Home » Gold price drops amid uncertainty over US core PCE price index data

Gold price drops amid uncertainty over US core PCE price index data

by FX BrokerNews
  • Gold price falls sharply as Fed policymakers maintain a hawkish narrative.
  • The US Dollar strengthens as market expectations for early Fed rate cuts ease.
  • Investors await the US core PCE inflation data for fresh guidance.

Gold prices are facing downward pressure during Wednesday’s European session as Federal Reserve (Fed) policymakers express no inclination to reduce interest rates in the first half of 2024. The prospect of higher interest rates is unfavorable for Gold, a non-yielding asset, as it raises the opportunity cost of holding the precious metal.

Investors are eagerly awaiting fresh signals on the timing of potential rate cuts, with focus shifting to the release of the United States core Personal Consumption Expenditure price index (PCE) data for January on Thursday. If the underlying inflation data proves to be more persistent than anticipated, market expectations for rate cuts may diminish, leading to a potential decline in Gold prices.

Despite the release of disappointing US Durable Goods Orders data for January on Tuesday, which showed a 6.1% decrease in fresh orders compared to the expected decline of 4.5%, Gold prices failed to see a substantial boost. The weak demand for durable goods hints at a gloomy outlook for consumer spending, contributing to the overall narrative of Gold prices coming under pressure.

Daily Digest Market Movers: Gold price retreats while US Dollar strengthens

Gold prices are trending lower, dipping below the $2,030 mark, while the US Dollar strengthens ahead of the release of the United States core PCE price index data for January, scheduled for Thursday. This key inflation data will offer insights into when the Federal Reserve might consider adopting a more dovish stance in its monetary policy.

Market expectations anticipate a 0.4% month-on-month growth in the core PCE price index for January, compared to a 0.2% increase in December. Annual forecasts suggest a slight deceleration in the underlying inflation data to 2.8%, down from 2.9% in December. Persistent price pressures could provide the Federal Reserve with grounds to argue for maintaining restrictive interest rates in the first half of 2024.

Currently, the consensus among Fed policymakers aligns with market expectations, indicating no urgency to implement rate cuts. According to the CME FedWatch tool, interest rates are predicted to remain steady in the 5.25%-5.50% range for the March and May policy meetings. Traders assign a 50% probability of a 25 basis points rate cut during the June meeting.

Federal Reserve Governor Michelle Bowman echoed the sentiment of keeping interest rates stable, emphasizing that premature rate cuts could hinder progress in inflation easing towards the 2% target or reignite price pressures. Bowman highlighted strong inflation readings in January and a tight labor market, suggesting a slowdown in achieving the 2% inflation goal.

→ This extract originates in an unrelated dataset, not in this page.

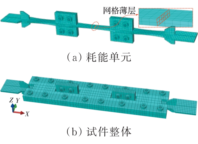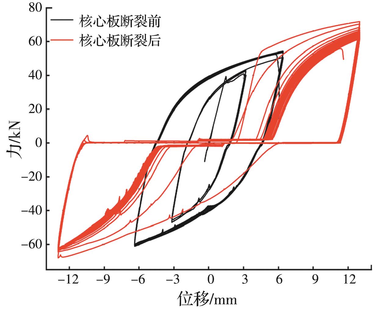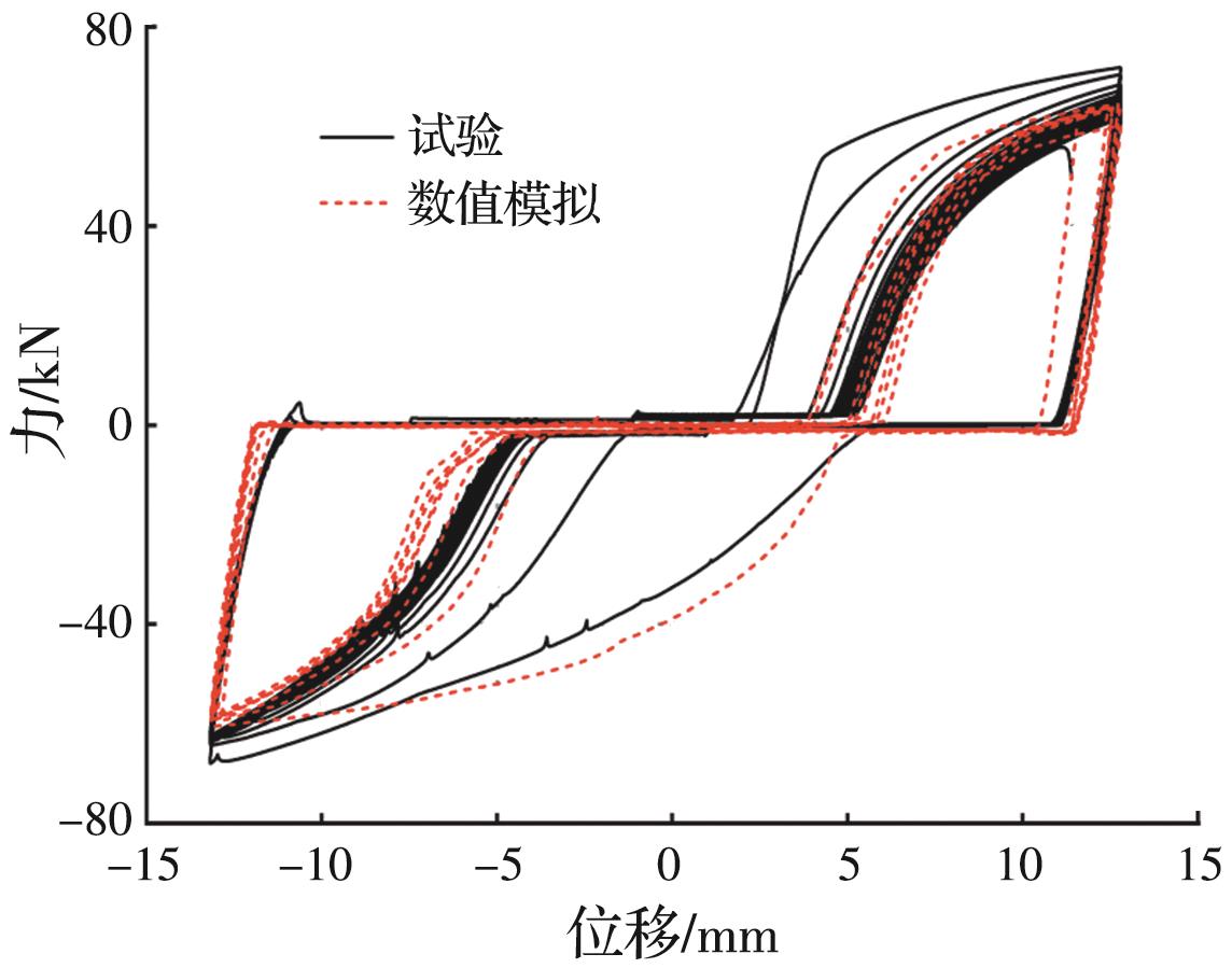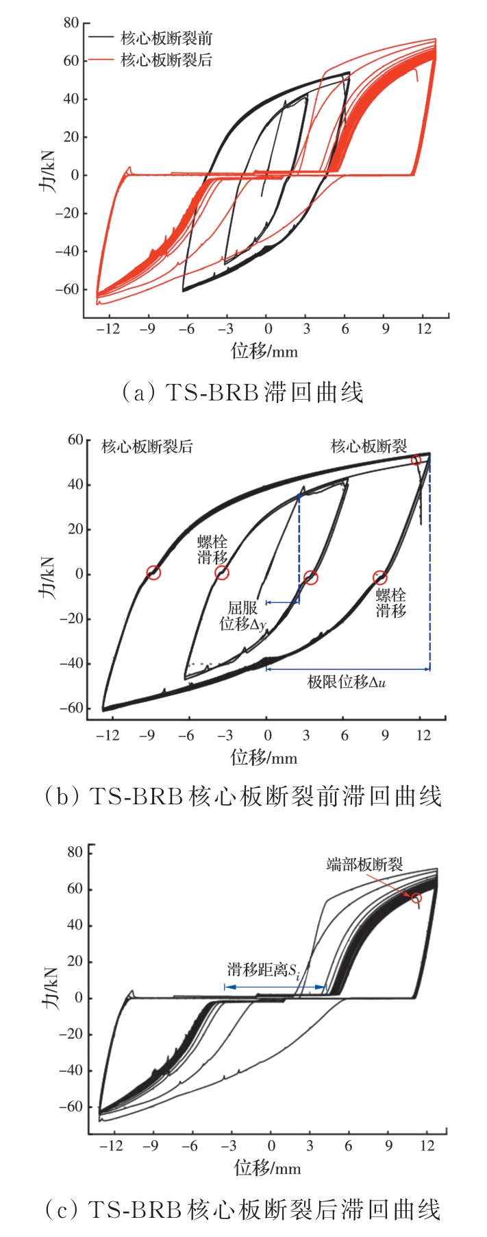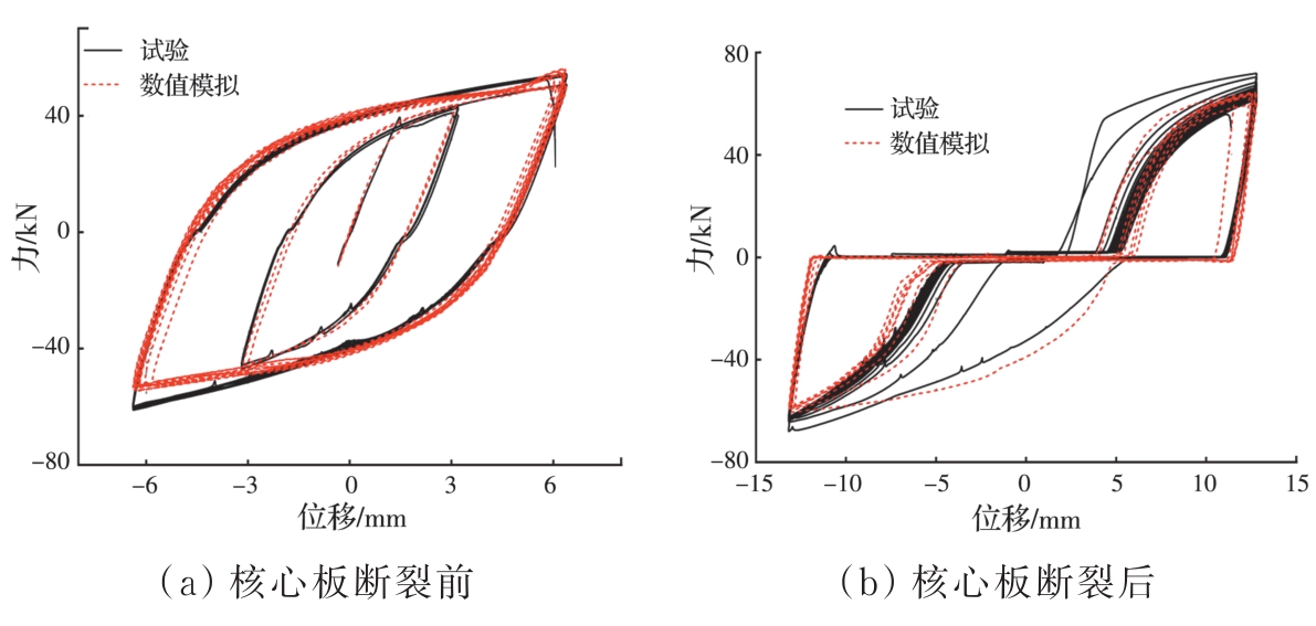 摘要:为提升传统屈曲约束支撑的性能,特别是解决传统阻尼器在主震-余震型地震作用下发生断裂后无法为结构提供抗侧刚度和耗能能力的问题,提出一种新型两阶段屈曲约束支撑(two-stage buckling-restrained brace,TS-BRB)。TS-BRB的耗能单元由3个横截面沿纵向渐变的Q235钢板串联组成,中部的耗能段在地震中首先发挥耗能作用,若该段发生断裂,约束单元中的限位卡槽能够确保端部耗能段继续工作,从而使TS-BRB具备较传统BRB更高的耗能能力。TS-BRB的滑移距离通过调整限位卡槽的长度来限制,从而满足结构减震设计的使用需求。结果表明:该阻尼器的滞回曲线饱满,形状符合理论预期;TS-BRB具有明显的二阶段耗能特性,耗能单元的端部耗能段在中间耗能段断裂后能继续工作,断裂后的附加累计耗能为断裂前的138.41%。TS-BRB解决了传统BRB在断裂后随即失去承载和耗能能力的问题,能为结构提供更大的耗能储备。用ABAQUS建立实体单元数值模型,发现模拟与试验的滞回曲线吻合较好。

Meanwhile, the trajectory of the US Dollar will be influenced by the second estimate of Q4 Gross Domestic Product (GDP), set to be published at 13:30 GMT on Wednesday. Expectations are for the Q4 annualized GDP to remain unchanged at 3.3%. The US Dollar Index (DXY), reflecting the Greenback’s value against major currencies, has surged above 104.00 amid increased appeal for safe-haven assets due to uncertainty in US economic data.

Technical Analysis: Gold price falls after failing to recapture $2,040

The decline in Gold prices comes on the heels of unsuccessful attempts to breach the upper boundary of the Symmetrical Triangle pattern. This technical formation is delineated by the downward trendline originating from the December 28 high at $2,088 and the upward-sloping line stemming from the December 13 low at $1,973.

The Symmetrical Triangle pattern implies an impending breakout, with equal probabilities for an upward or downward move. However, the scales slightly tip in favor of a continuation in the direction of the pre-triangle trend, which, in this instance, suggests a potential upward movement. A clear breach beyond the boundaries of the triangle, whether above or below, would signal the initiation of a breakout.

The 14-period Relative Strength Index (RSI) hovers within the 40.00-60.00 range, indicating a sense of indecision among investors. This neutral RSI zone suggests that market participants are grappling with conflicting signals, further highlighting the uncertainty surrounding Gold’s near-term price direction.